--- Data extract ---
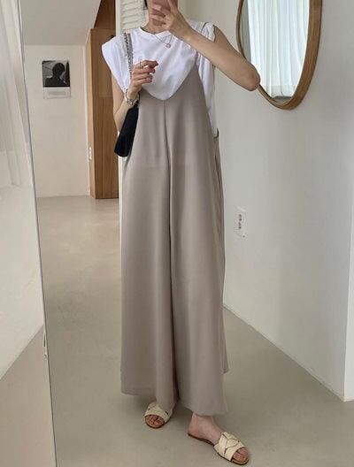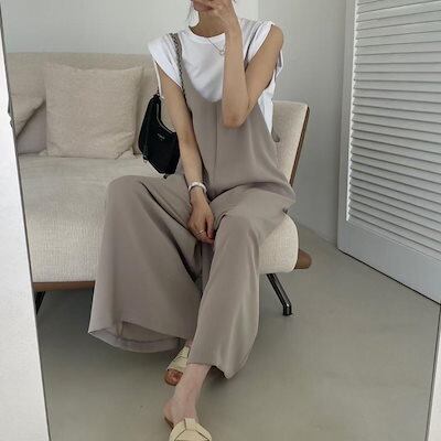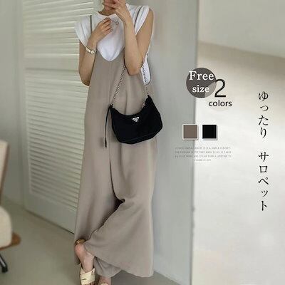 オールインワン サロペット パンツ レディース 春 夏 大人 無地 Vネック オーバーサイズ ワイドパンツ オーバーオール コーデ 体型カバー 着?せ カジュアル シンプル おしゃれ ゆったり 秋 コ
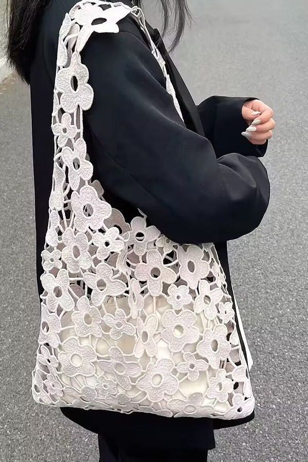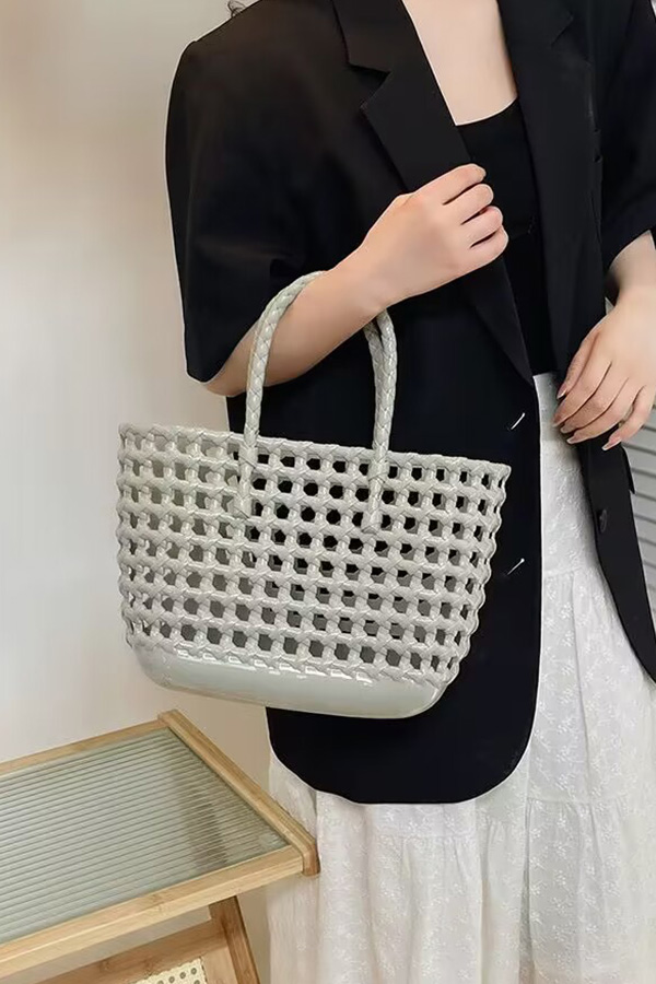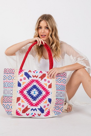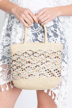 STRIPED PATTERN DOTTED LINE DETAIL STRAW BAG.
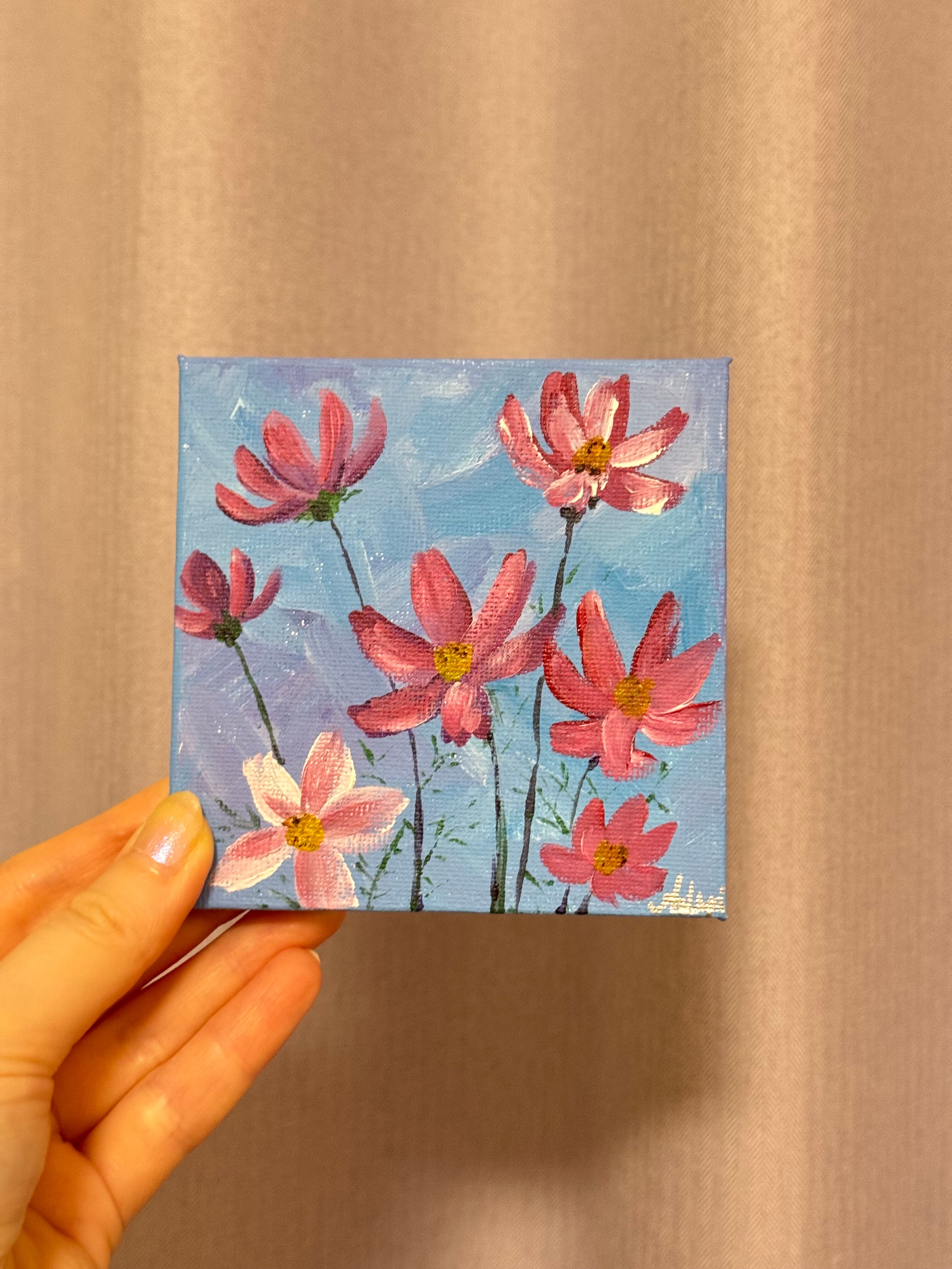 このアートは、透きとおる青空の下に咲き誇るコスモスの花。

--- Exercise directions ---
Transcribe exactly, and only, the lines from the one with "STRIPED PATTERN DOTTED" through the final line of the data above. The pictures stay out.

--- Output for this exercise ---
 STRIPED PATTERN DOTTED LINE DETAIL STRAW BAG.
 このアートは、透きとおる青空の下に咲き誇るコスモスの花。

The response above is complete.